[ENTRIES PROVIDED Boundary: Start]
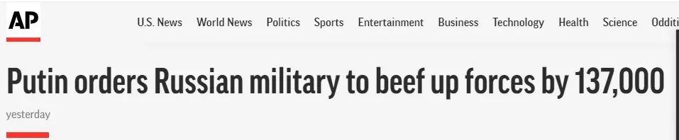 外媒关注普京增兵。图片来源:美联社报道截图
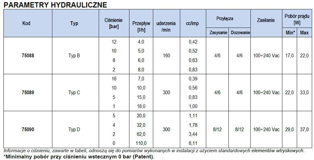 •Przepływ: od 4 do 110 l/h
[ENTRIES PROVIDED Boundary: End]
[ENTRIES PROVIDED Boundary: Start]
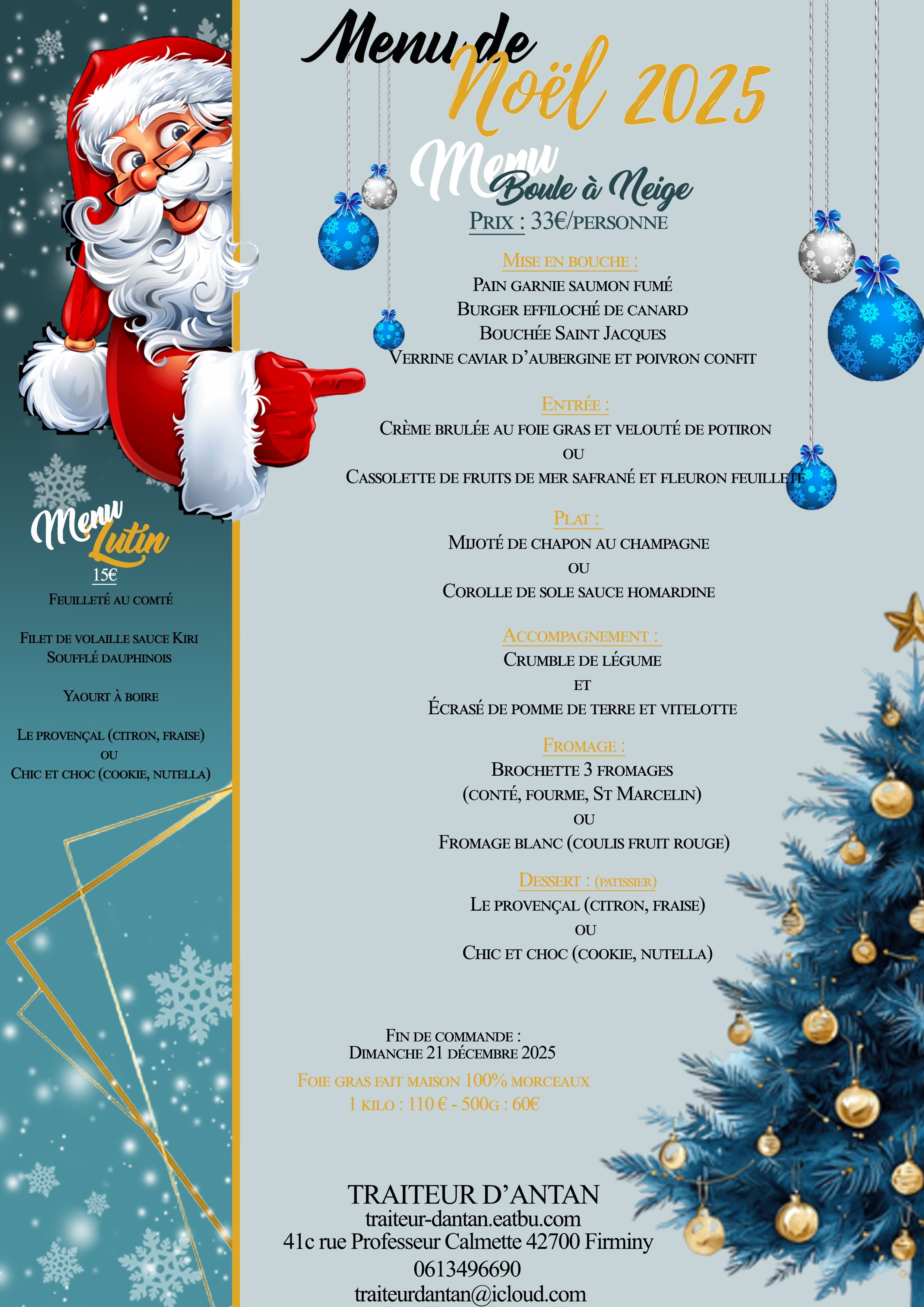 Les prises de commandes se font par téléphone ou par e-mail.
[ENTRIES PROVIDED Boundary: End]
[ENTRIES PROVIDED Boundary: Start]
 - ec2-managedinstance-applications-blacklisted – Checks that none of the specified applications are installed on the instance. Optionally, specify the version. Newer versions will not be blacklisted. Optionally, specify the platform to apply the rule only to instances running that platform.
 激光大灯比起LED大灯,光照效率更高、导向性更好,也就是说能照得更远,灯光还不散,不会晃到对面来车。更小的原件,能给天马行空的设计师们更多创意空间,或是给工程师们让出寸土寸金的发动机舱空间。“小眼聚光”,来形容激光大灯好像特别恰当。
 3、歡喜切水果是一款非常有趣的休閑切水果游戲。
[ENTRIES PROVIDED Boundary: End]
Copy out only the lines above from the one with "激光大灯比起LED大灯,光照" to the one with "3、歡喜切水果是一款非常有趣的休閑切水果游戲。", inclusive, exactly as they stand.

(RESULT OF THE EXERCISE):
 激光大灯比起LED大灯,光照效率更高、导向性更好,也就是说能照得更远,灯光还不散,不会晃到对面来车。更小的原件,能给天马行空的设计师们更多创意空间,或是给工程师们让出寸土寸金的发动机舱空间。“小眼聚光”,来形容激光大灯好像特别恰当。
 3、歡喜切水果是一款非常有趣的休閑切水果游戲。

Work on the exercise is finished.